Franchise Association members sign up to a voluntary code of practice that protects their interests and those of the franchisee, and the association can mediate if there is a dispute. They also provide essential networking, learning opportunities and their annual awards ceremony. They lobby government and advocate for the franchise system as well.

“By joining you get access to a lot of people, history and knowledge of franchising,” says Pickerill. “And as we are an associate member of the World Franchise Council, we can provide information on global best practice as well.”

RedSeed 

One of the most important aspects of a franchise is branding: it’s a major part of what franchisees are buying in to, and brand reputation will ultimately make a business a success. But branding isn’t just about store fit-out and signage, it’s also about customer experience – and that starts with how staff are trained.

"The best outcome for franchises is when the corporate body or head office make a decision to implement [a training programme] across the whole business, rather than it being optional for individual branches,” says Anya Anderson, CEO of training provider RedSeed.

Leaving recruitment and training of staff to the franchisee holder can result in training delivered in a different way, to different standards, or not at all. 

“When it comes to training, if the franchisors really believe in changing the behaviour or culture of their team, then the cut-through is always much higher if it's driven from the top and not left up to franchisees," says Anderson.

Do-It

Developed by retailers for retailers, Do-It comprises a suite of cloud based services that can be accessed remotely by your franchise network in order to maintain consistent presentation of tickets and marketing materials, streamline delivery, manage product catalogues and more. This helps with brand consistency, and makes compliance easy.

“By being able to deliver marketing resources to remote franchises while at the same time returning consistency and control gives you the confidence around compliance and brand message,” says Chris Graham, product manager for Do-It. “The system means that franchisees don’t have to worry if their materials have been printed in the right colour, or whether they’ve got the most up-to-date logo – it’s all there at the touch of a button.”

Do-It offers a service that is fast, repeatable, reduces waste and is under the control of head office.

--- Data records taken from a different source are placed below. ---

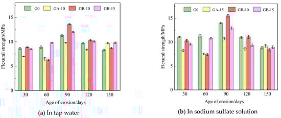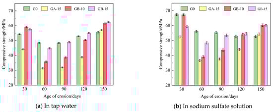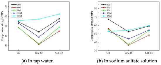 (2) With the addition of 15% 100–200 mesh glass powder, flexural and compressive strengths decrease significantly between 30 to 60 days of the initial erosion. However, the decrease in flexural strength from 90 to 150 days slows down by only 1% in tap water and 13.9% in sodium sulfate solution. In contrast, compressive strength rapidly increases by 79% in tap water and 44.5% in sodium sulfate solution. With the addition of 10% and 15% 200–500 mesh glass powder, the flexural strength declination slows, and the compressive strength declination becomes quicker in the early erosion stage of 30 to 60 days, whereas in the later erosion stage of 90 to 150 days, the flexural strength declination accelerates while the compressive strength increases.
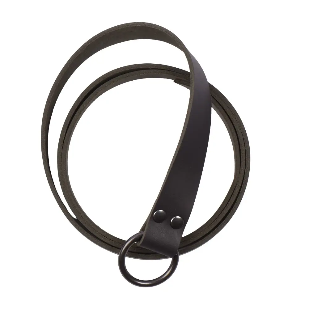 Upplev genuint hantverk och stilren funktionalitet med vårt handgjorda läderbälte med ring, skapat för dig som uppskattar både kvalitet och estetisk enkelhet. Bältet är tillverkat av slitstarkt, vegetabiliskt garvat läder och avslutas med en kraftig metallring som fungerar som spänne. Den nitade infästningen ger både stabilitet och ett robust uttryck, vilket gör detta bälte till ett pålitligt och stilfullt val för vardag, dräktbruk eller modern modeinspiration.
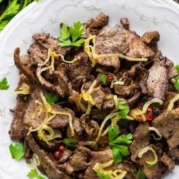 Foie volaille sauté avec oignons et persil avec salades vertes et mechwia et frites
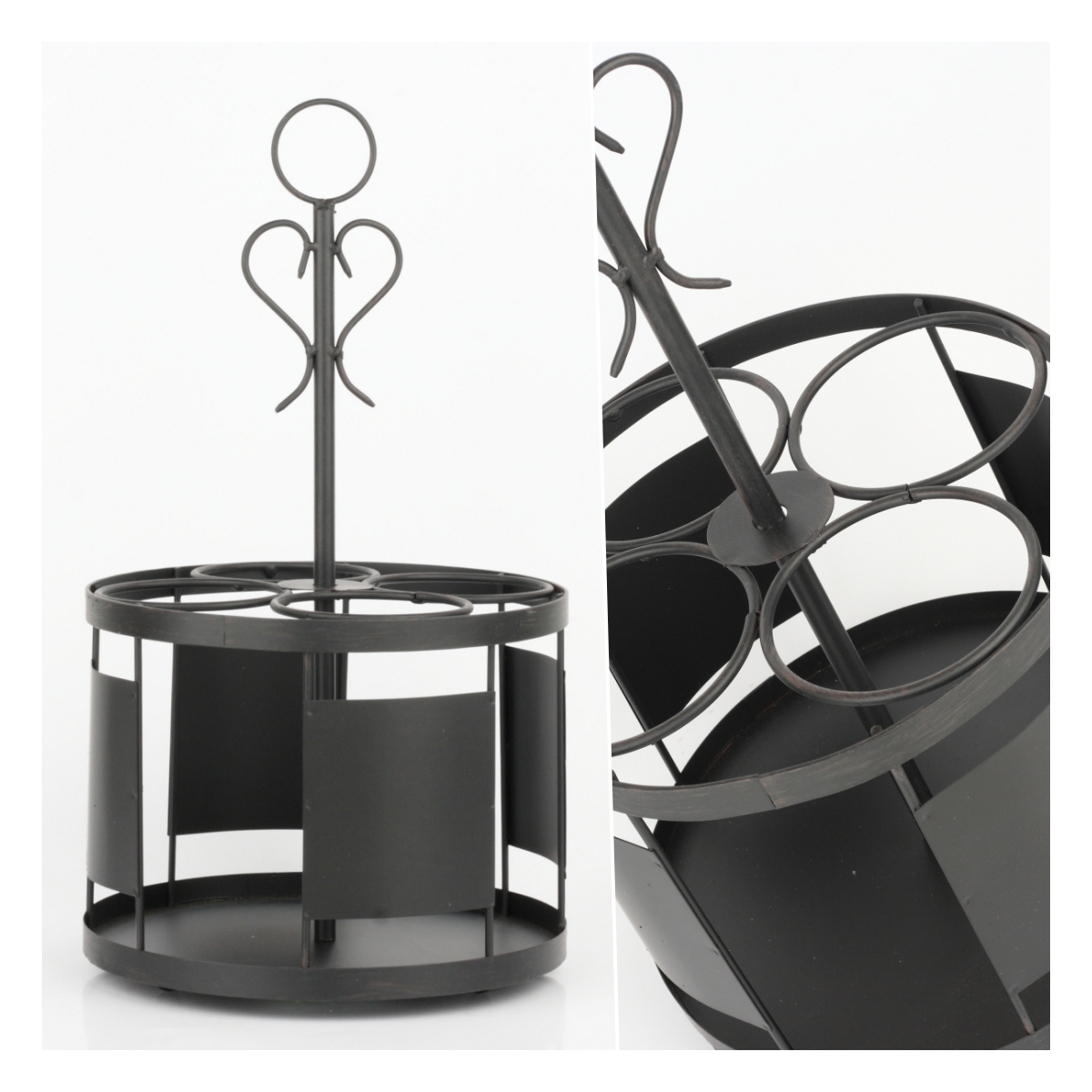 Kovový stojan na 4 lahve vína 40cm vyřeší otázku, kam s koupenými nebo darovanými láhvemi vína. Pokud nemáte vinotéku, mohl by Vám tento stojan na 4 lahve přijít vhod.
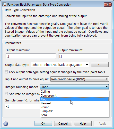 Блоки Fixed-point Simulink® поддерживают округляющиеся режимы, показанные в расширенном выпадающем меню следующего диалогового окна.
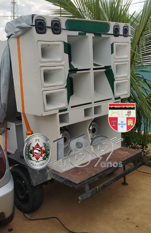 Também em Cacimbas, a Guarnição Ambiental autuou um paredão por causar poluição sonora acima do limite permitido, e como tal, provocando aglomeração de pessoas diante de um cenário de pandemia e descumprindo normas de decretos Estadual e Municipal.

It allows franchisors to get franchisees up to speed quicker, says Graham.

“Ultimately Do-It is a tool franchisors can share with franchisees to facilitate success.”

The Westpac New Zealand Franchise Awards

The 22nd annual awards are about fostering a franchise community, says Franchise Association of New Zealand chief executive Robyn Pickerill. The awards presentation and gala dinner was held this year in Auckland on November 12.

Pickerill says the awards are part of FANZ’s work to “promote, protect, educate and celebrate” franchise businesses.

Entries for the awards are judged by evaluators from the New Zealand Business Excellence Foundation, who look for evidence of best practice as defined by the Baldrige Excellence Framework.

Pickerill says the process of entering the Westpac New Zealand Franchise Awards results in improved performance for participating business each time they enter. This is the result of the feedback they receive from judges, and from “studying” their business while compiling their entry.

“It’s not just an exercise of awards entering, it’s them taking time out and focusing on their business,” says Pickerill.

The Westpac New Zealand Franchise Awards aren’t just about the big names, either. Pickerill says anyone in the franchise community is welcome to be part of the event, saying it’s a chance for smaller regional businesses and everyday, hardworking New Zealanders who might not usually seek out the spotlight to celebrate their efforts.

It’s important for businesspeople to take time out to recognise their achievements, says Pickerill.

“Take stock and celebrate your successes, because there’s a lot of hard work going on here.”